Regardless of whether the oxidation reaction is performed heterogeneously in the presence of a solid catalyst or homogeneously, the oxidation step converts thiophenes originally present in the liquid hydrocarbon to sulfones. For example, dibenzothiophene is readily oxidized to dibenzothiophene sulfone. Other types of organic sulfur-containing compounds, including branched alkyl sulfides, are oxidized to sulfoxides and sulfones. It is the oxidized form of the organic sulfur species that are amenable to decomposition according to the second step of the method of the present invention.

After oxidation of at least a portion of the organic sulfur compounds in the liquid hydrocarbon feed, the second step of the present invention involves a catalytic decomposition of the oxidized organic sulfur species. As decomposition catalysts, both solid acids and bases have been found to be effective. The characterization of a particular catalyst formulation in terms of its acidic or basic properties is described in detail in Satterfield, Heterogeneous Catalysis in Practice, McGraw-Hill, pp. 151-153 (1980). Acidic catalysts effective for the decomposition step include amorphous aluminosilicates having various proportions of silica and alumina as well as crystalline acidic aluminosilicates such as ZSM-5 and mordenite. Both ZSM-5 and mordenite are described in terms of structure and properties in Zeolite Molecular Sieves by Donald W. Breck (John Wiley and Sons, 1974). Acidic catalysts effective for the decomposition of oxidized organic sulfur compounds also include metal oxides, such as alumina, and mixed metal oxides such as SiO2.ZrO.

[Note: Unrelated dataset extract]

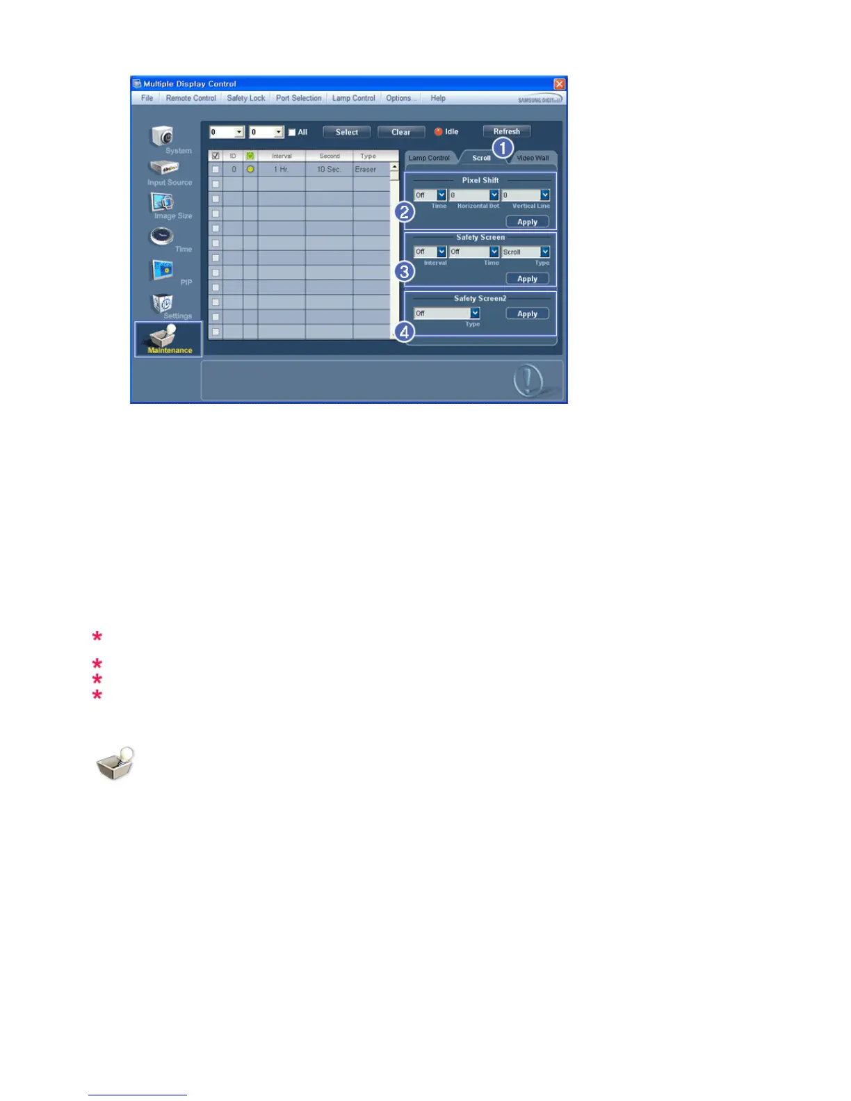 The Maintenance Control feature is available only for the displays whose power status is ON.

Metal oxides that exhibit basic properties, for example MgO, have also shown suitability in catalyzing the decomposition of oxidized organic sulfur compounds. Other examples of effective basic catalysts include layered double hydroxides such as hydrotalcite, a magnesium/aluminum layered double hydroxide. The preparation of double hydroxides is well known in the art and described in detail in both J. Catalysis, 94, 547-557 (1985) and U.S. Pat. No. 5,318,936; both of which are incorporated by reference. The preparation of hydrotalcite, for example, can be performed by coprecipitation of magnesium and aluminum carbonates at a high pH. Thus magnesium nitrate and aluminum nitrate (in the desired ratios) are added to sodium carbonate. The resultant slurry is heated at about 65°C C. to crystallize the hydrotalcite and then the powder is isolated and dried.

Conditions appropriate for the catalytic decomposition of sulfones broadly include a temperature from about 200°C C. to about 600°C C. and an absolute pressure from about 0.5 to about 20 atmospheres. In contrast to typical hydrodesulfurization or hydrotreating processes, the preferred decomposition conditions of the present invention are significantly more mild and include a temperature from about 350°C to about 400°C C. and a pressure from about 5 to about 10 atmospheres. Furthermore, a hydrogen, carbon monoxide, or other type of reducing atmosphere is not required. In other words, the decomposition step can take place in a non-reducing environment, meaning that, not considering vapors from the hydrocarbon feed itself, reducing gases such as hydrogen, carbon monoxide, etc are substantially absent. Preferably, the decomposition reaction pressure is maintained by the hydrocarbon pressure alone, without any supply of added overhead or blanketing gas.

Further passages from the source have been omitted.